Африка притаилась на горизонте, словно лев в засаде, рыжевато‑золотистая в первых лучах солнца, обожженная холодом Бенгельского течения. Робин Баллантайн всматривалась в далекий берег. Уже час она стояла у борта в ожидании рассвета — знала, что земля там, чувствовала ее огромное загадочное присутствие, ощущала дыхание, теплое и пряное, среди липких ледяных испарений океанского потока, в котором двигался парусник.
Радостный возглас девушки опередил впередсмотрящего.
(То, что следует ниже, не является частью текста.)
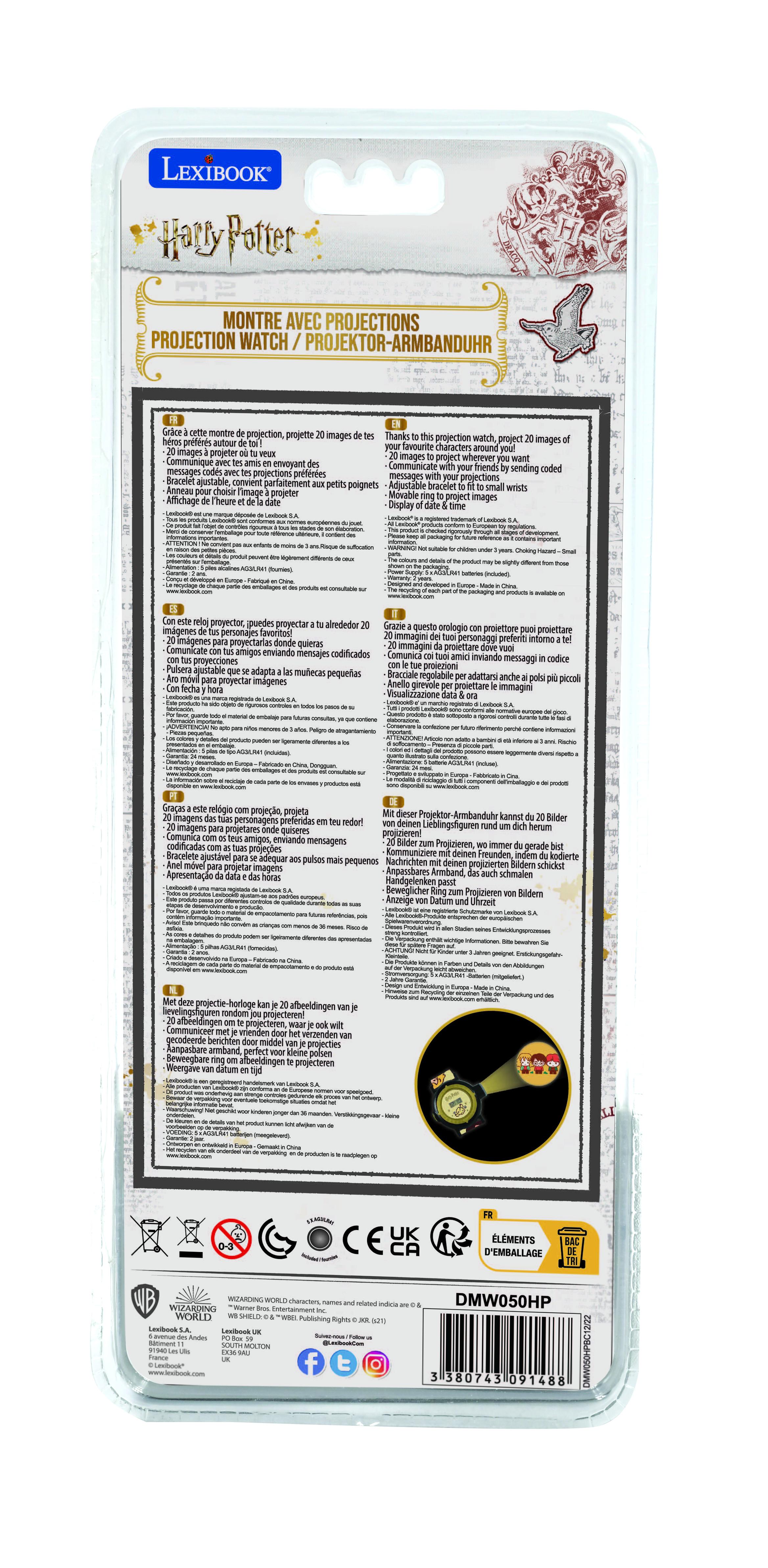 "* Une montre digitale avec design Harry Potter ! * 20 images de l'univers magique de Poudlard � projeter o� tu veux * Communique avec tes amis en envoyant des messages codes avec tes projections pr�f�r�es * Bracelet ajustable, convient parfaitement aux petits poignets * Anneau rotatif pour choisir l�image � projeter * Affichage de l�heure et de la date * Piles incluses"

Капитан Мунго Сент‑Джон вихрем взлетел по трапу из своей каюты на корме. Матросы сгрудились на борту, возбужденно переговариваясь. Крепко сжав поручень, Сент‑Джон бросил пристальный взгляд на горизонт, затем обернулся и дал команду — негромко, но внятно, так что слышно было, казалось, в любом уголке корабля:
— Приготовиться к повороту оверштаг!
Типпу, помощник капитана, быстро разогнал зевак по местам, пустив в ход узловатый линек и увесистые кулаки. Уже две недели свирепый ветер гнал по небу тяжелые тучи, не давая разглядеть солнце, луну и прочие небесные тела, чтобы определить координаты. Однако, судя по навигационному счислению, клипер находился в сотне морских миль к западу, далеко в стороне от дикого пустынного берега, грозившего неведомыми опасностями.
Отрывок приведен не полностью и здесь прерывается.